Ms. Bussières McNicoll, you have the floor.

Anaïs Bussières McNicoll Director, Fundamental Freedoms Program, Canadian Civil Liberties Association

Thank you, Mr. Chair.

Good afternoon, distinguished committee members.

Thank you for giving me the opportunity to share the perspective of the Canadian Civil Liberties Association, the CCLA, on Bill C‑9.

The CCLA is an independent, non-governmental, non-partisan national organization founded in 1964. Its mandate is to defend and foster the civil liberties, human rights and democratic freedoms of all people across Canada. The CCLA acknowledges that, while freedom of expression and peaceful assembly are vital to a democracy, they are not absolute and must sometimes be balanced with other rights and interests, including public safety and the right to worship safely, considerations that are already extensively protected under the Canadian Criminal Code.

However, criminal law is not the solution to every social challenge.

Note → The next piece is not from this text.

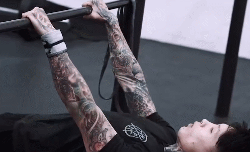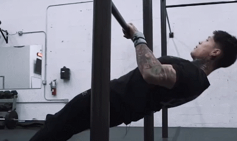 引體向上,無論是怎樣的引體,儘量保持身體筆直,然後是背部用力,將肩胛骨從後面推到前面,接着是手臂發力,完成最後的彎曲:

On October 6, 37 civil society organizations representing members of Black, Arab, Muslim, Jewish and 2SLGBTQI communities, labour organizations, environmental activists and civil liberties groups signed a joint letter urging the federal government to reverse course on Bill C‑9. A copy of this letter was sent to committee members and is attached to the CCLA's submission to the clerk.

The CCLA is here today to urge you to vote against Bill C‑9 for five main reasons.

First, this bill removes the long-standing requirement that the Attorney General consent to the initiation of proceedings for hate propaganda offences. Removing this safeguard eliminates a key institutional check designed to promote a legally informed and proportionate assessment before proceeding with prosecutions in areas where freedom of expression and freedom of conscience are implicated. The requirement to obtain the consent of the Attorney General is also absent from the new offences introduced in Bill C‑9, despite the clear risk that these new provisions will affect freedom of conscience, freedom of expression and freedom of peaceful assembly. We urge Parliament not to go down this path. There is simply no benefit to allowing police officers to file charges that the Attorney General would not have proceeded with in the first place.

Second, the new intimidation offence requires proof of intent to provoke a state of fear in another person in order to impede their access to one of tens of thousands of civic institutions linked to an identifiable group in Canada. The difference between the intent to express unpopular or disturbing opinions through a protest and the intent to provoke a state of fear is unclear. The Criminal Code already prohibits, among other things, participating in a riot, using violence, physically blocking access to property, uttering threats, inciting violence against an identifiable group, forcing people to abstain from doing anything to which they have a lawful right and harassing people by causing them to reasonably fear for their safety.

The question, then, is what other behaviours would now be prohibited. Would it be triggered when a protest is particularly loud? When hundreds of people are gathered in a public space? When some people chant unpleasant slogans that, while offensive, do not constitute hate propaganda? These disruptive elements could be seen by some as evidence of an intent to instill fear in others. However, these examples are forms of non-violent expression and peaceful assembly protected by the Charter. They should therefore not be criminalized in a democracy.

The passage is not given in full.